- **Goal of the exercise**:
Only the lines from the one holding "Wielofunkcyjny termos wykonany" through the end of the material are to be repeated, exactly and without pictures.

- **Record excerpts**:
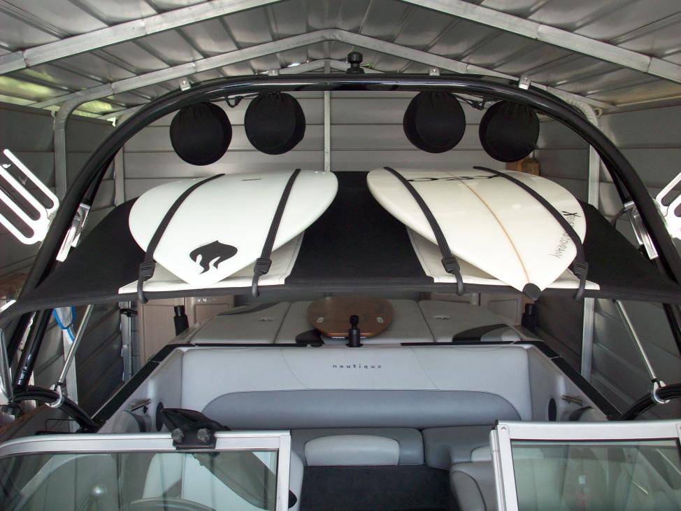 I'm looking for suggestions for a rack to mount my wakesurf board. FCT with Flight Clips on both sides, was thinking about mounting it on top of the tower somehow, but also have the Nautique double speaker cans mounted up there??? Any suggestions would be appreciated, don't even want to bring my board if I can't get it up outta the boat.
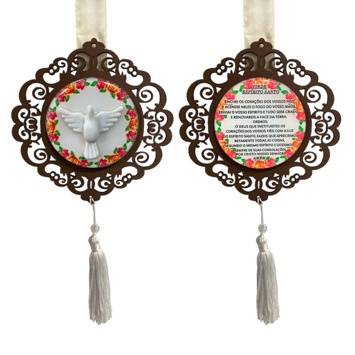 EP38155 - Escapulário de Porta Divino Espírito Santo MDF Tabaco - 136x13cm
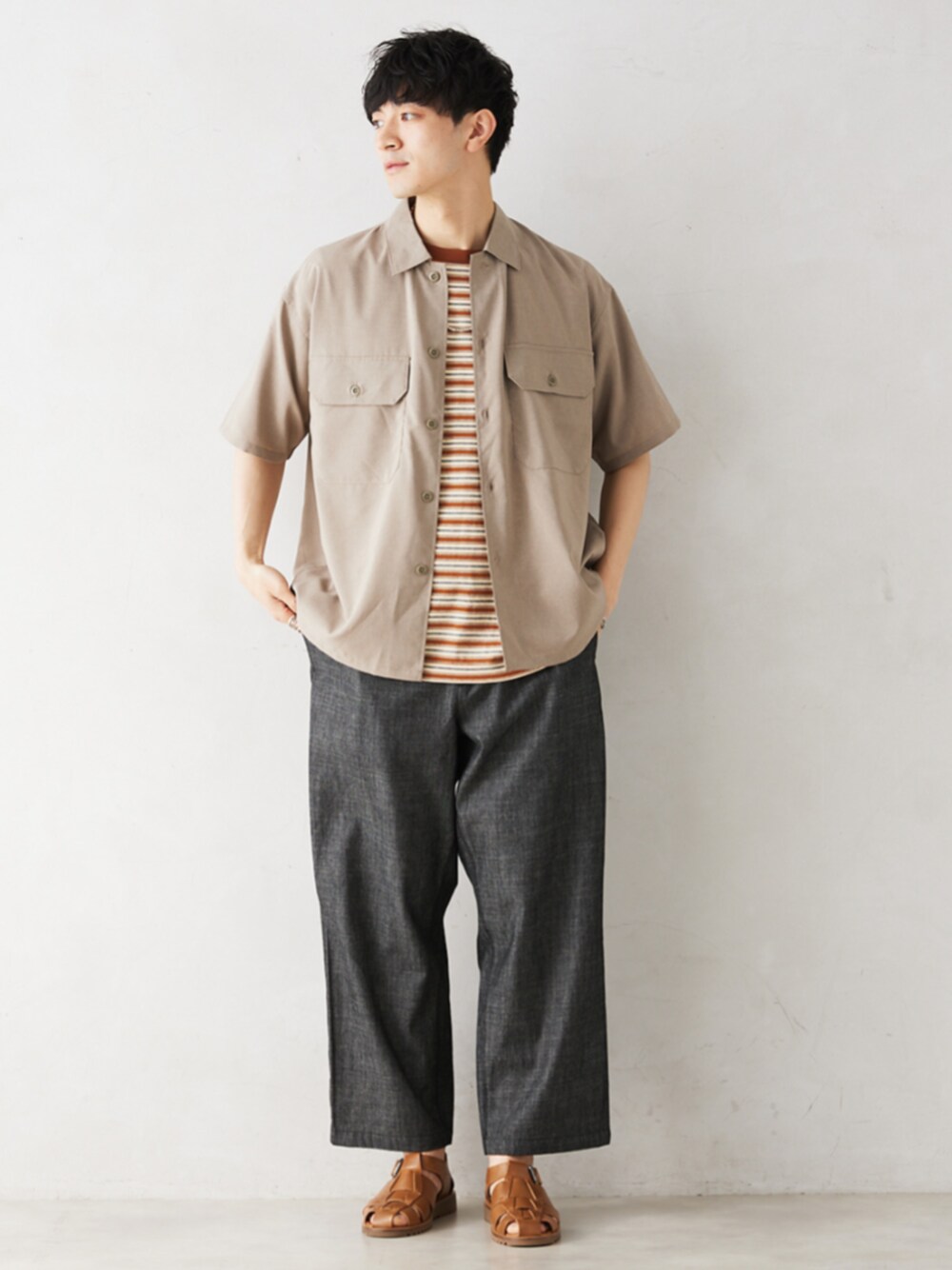 身長:176cm 体型:標準型 普段着用サイズ:L 年齢:30代 リネンの素材感を表現したポリエステル素材"テックリネン"を使ったCPOシャツが今年も登場! 前を開けてインナーを見せることで夏のシンプルなスタイリングの幅も広がります。 シャツがシンプルなので、インナーはボーダーで遊びを効かせました。 《シャツ》 着用サイズ:L 着用サイズ感:ややゆとりがあるサイズ感です。 《Tシャツ》 着用サイズ:L 着用サイズ感:オーバーサイズでゆったりとしています。 《パンツ》 着用サイズ:L 着用サイズ感:セミワイドなシルエットです。
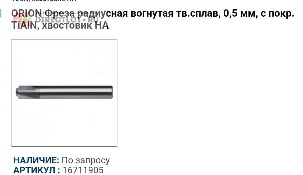 Код для вставки ссылки на эту страницу в сообщения на форумах: [url=https://directlot.ru/lot.php?id=1698121] Фреза радиусная вогнутая D8, R0.5. orion 16711905 купить, объявление на DIRECTLOT.RU [/url]
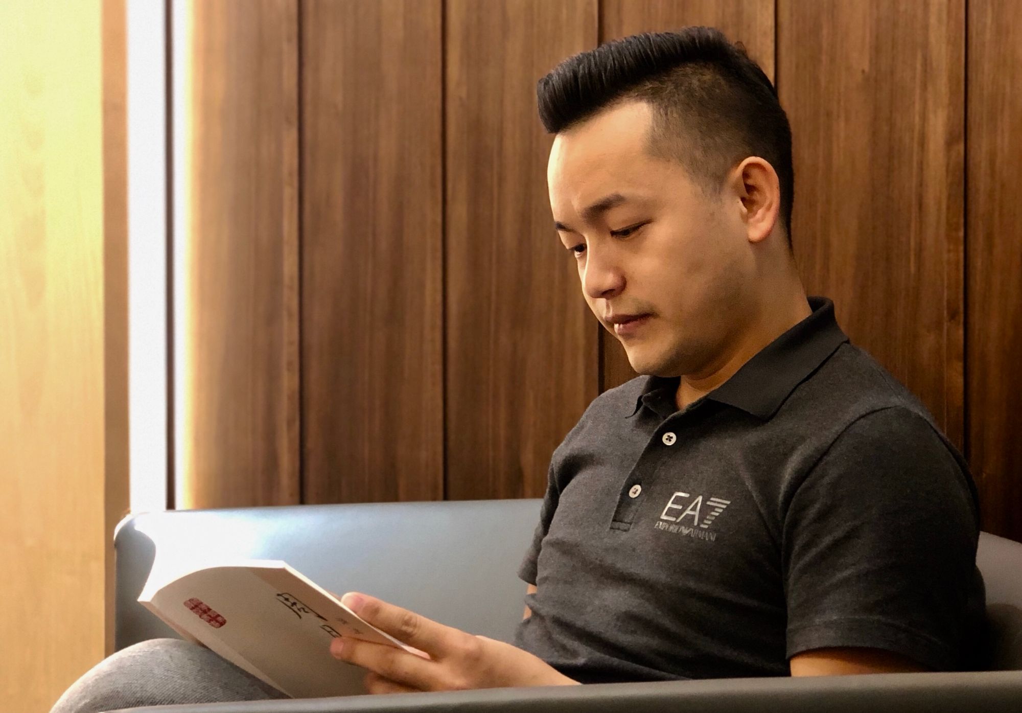新晉“超級奶爸”肖誠老師手捧書本的專心致志▼
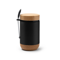 Wielofunkcyjny termos wykonany ze stali nierdzewnej 304, idealny do przechowywania żywności. Bambusowa pokrywka i korkowe dno. Łyżka w zestawie. Pojemność: 400 ml. Zapakowany w pudełku zaprojektowanym z myślą o środowisku.
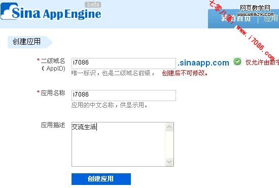 6、然后填写你的应用基本信息,并记住这里的二级域名,这个就是您博客的访问地址。
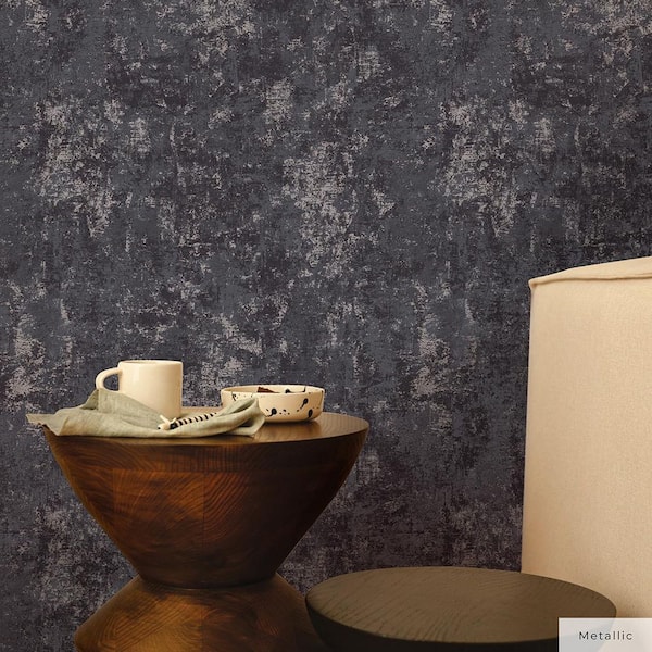 Metallic Gunmetal Distressed Gold Leaf Vinyl Peel and Stick Wallpaper Roll (Covers 56 sq. ft.)

- **Solution to the problem**:
 Wielofunkcyjny termos wykonany ze stali nierdzewnej 304, idealny do przechowywania żywności. Bambusowa pokrywka i korkowe dno. Łyżka w zestawie. Pojemność: 400 ml. Zapakowany w pudełku zaprojektowanym z myślą o środowisku.
 6、然后填写你的应用基本信息,并记住这里的二级域名,这个就是您博客的访问地址。
 Metallic Gunmetal Distressed Gold Leaf Vinyl Peel and Stick Wallpaper Roll (Covers 56 sq. ft.)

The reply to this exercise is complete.